Among the entries below, extract exactly the lines that run from the one with "Metronome M1 also" through the one with "J'ai un problème", both ends included.

## DATA EXTRACTS
=== Section Start ===

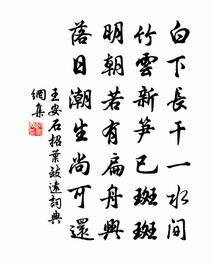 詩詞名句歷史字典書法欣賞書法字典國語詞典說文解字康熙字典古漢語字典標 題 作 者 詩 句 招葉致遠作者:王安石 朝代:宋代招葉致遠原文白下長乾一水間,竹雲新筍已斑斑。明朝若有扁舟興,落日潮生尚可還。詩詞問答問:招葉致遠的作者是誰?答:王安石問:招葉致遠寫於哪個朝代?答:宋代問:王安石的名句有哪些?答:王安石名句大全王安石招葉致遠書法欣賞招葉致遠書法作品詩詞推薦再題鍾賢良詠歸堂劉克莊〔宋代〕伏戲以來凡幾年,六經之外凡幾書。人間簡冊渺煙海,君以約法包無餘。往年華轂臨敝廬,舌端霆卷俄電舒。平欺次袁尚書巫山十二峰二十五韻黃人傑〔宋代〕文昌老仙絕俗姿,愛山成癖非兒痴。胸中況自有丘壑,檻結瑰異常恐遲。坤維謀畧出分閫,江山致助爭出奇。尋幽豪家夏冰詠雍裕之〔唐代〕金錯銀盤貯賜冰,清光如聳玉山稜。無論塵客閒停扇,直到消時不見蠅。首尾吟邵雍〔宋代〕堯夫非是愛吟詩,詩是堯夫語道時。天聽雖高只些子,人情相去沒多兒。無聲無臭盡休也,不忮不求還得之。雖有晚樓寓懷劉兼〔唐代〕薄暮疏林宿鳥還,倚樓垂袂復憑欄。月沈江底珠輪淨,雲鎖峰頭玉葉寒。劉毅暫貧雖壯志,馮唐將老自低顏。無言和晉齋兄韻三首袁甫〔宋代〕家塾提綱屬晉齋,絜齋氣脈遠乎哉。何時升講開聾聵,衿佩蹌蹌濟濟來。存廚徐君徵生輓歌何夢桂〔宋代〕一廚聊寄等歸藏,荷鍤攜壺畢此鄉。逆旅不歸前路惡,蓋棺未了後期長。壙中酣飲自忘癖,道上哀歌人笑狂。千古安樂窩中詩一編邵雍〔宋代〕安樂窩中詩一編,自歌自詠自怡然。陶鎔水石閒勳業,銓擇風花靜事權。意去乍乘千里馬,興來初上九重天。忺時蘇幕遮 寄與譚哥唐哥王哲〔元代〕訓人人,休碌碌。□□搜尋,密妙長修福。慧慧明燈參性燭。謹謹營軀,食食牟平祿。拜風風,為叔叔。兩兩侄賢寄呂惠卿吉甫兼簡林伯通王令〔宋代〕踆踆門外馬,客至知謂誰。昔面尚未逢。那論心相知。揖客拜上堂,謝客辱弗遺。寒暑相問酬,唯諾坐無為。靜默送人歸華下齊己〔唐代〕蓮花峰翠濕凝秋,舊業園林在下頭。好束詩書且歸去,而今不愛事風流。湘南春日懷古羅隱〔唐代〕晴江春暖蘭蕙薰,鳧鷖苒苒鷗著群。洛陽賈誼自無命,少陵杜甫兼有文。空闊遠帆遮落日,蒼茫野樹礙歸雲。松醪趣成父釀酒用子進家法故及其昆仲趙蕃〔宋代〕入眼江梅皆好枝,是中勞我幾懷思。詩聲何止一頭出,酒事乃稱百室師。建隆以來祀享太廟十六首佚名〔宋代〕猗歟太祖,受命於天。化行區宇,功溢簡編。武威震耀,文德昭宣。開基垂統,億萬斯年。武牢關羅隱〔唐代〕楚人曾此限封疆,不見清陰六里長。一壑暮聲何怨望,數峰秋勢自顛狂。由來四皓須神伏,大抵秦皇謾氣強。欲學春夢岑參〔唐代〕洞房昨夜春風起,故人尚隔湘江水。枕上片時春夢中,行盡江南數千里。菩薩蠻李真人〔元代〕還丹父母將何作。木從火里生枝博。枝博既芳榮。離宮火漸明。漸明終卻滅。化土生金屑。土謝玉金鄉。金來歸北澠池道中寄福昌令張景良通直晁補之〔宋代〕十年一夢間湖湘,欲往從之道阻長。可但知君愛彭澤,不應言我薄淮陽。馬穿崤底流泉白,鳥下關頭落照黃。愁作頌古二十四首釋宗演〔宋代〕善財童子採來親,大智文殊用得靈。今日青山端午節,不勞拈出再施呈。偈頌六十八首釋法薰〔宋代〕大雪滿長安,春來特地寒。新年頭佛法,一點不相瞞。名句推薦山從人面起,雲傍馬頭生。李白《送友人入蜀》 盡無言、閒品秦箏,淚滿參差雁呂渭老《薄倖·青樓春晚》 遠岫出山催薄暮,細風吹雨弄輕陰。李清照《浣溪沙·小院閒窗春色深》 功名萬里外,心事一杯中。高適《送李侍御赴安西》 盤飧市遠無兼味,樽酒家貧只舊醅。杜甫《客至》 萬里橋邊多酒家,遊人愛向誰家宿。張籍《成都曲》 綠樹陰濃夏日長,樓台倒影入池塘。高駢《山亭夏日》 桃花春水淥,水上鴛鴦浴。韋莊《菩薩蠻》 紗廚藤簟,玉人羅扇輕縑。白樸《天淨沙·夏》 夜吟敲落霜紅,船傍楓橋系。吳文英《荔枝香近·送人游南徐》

=== Section End ===
=== Section Start ===

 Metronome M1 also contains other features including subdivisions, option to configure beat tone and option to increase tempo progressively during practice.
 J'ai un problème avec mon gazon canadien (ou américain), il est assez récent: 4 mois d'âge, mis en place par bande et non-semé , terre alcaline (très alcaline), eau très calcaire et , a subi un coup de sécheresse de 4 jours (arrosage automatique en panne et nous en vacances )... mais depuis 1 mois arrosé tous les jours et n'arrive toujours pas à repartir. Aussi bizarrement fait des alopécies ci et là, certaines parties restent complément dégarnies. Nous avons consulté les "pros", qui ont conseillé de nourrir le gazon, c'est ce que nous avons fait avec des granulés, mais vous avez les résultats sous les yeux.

=== Section End ===
=== Section Start ===

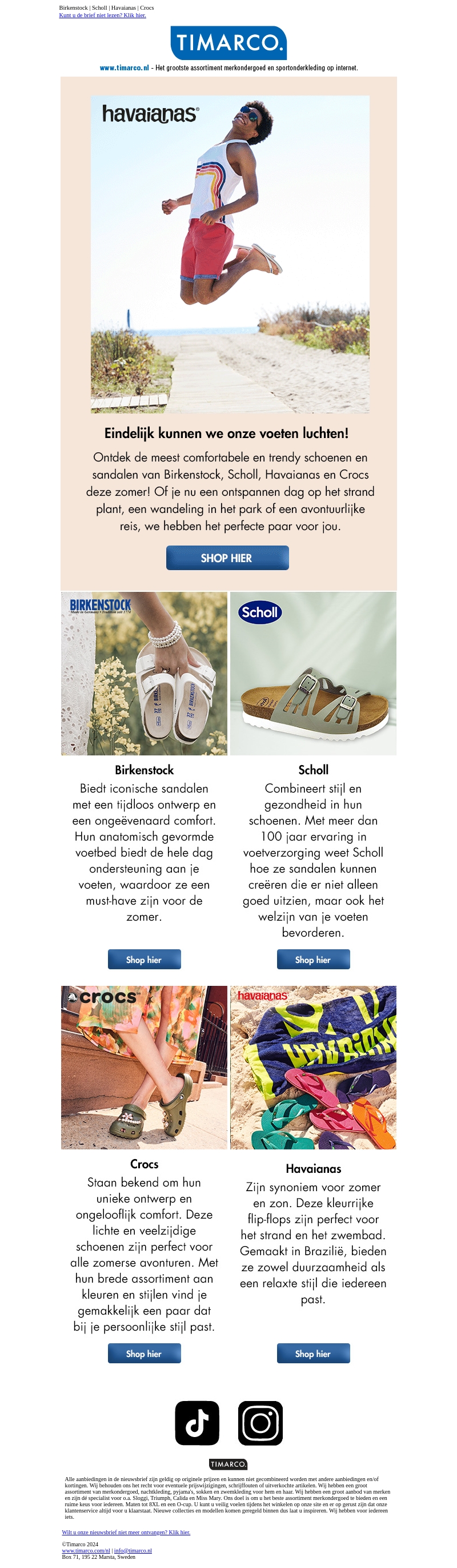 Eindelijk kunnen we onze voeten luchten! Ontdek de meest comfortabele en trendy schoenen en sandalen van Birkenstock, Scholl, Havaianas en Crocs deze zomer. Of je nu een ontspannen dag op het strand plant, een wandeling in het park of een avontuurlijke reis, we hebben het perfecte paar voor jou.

=== Section End ===

## SOLUTION BELOW
 Metronome M1 also contains other features including subdivisions, option to configure beat tone and option to increase tempo progressively during practice.
 J'ai un problème avec mon gazon canadien (ou américain), il est assez récent: 4 mois d'âge, mis en place par bande et non-semé , terre alcaline (très alcaline), eau très calcaire et , a subi un coup de sécheresse de 4 jours (arrosage automatique en panne et nous en vacances )... mais depuis 1 mois arrosé tous les jours et n'arrive toujours pas à repartir. Aussi bizarrement fait des alopécies ci et là, certaines parties restent complément dégarnies. Nous avons consulté les "pros", qui ont conseillé de nourrir le gazon, c'est ce que nous avons fait avec des granulés, mais vous avez les résultats sous les yeux.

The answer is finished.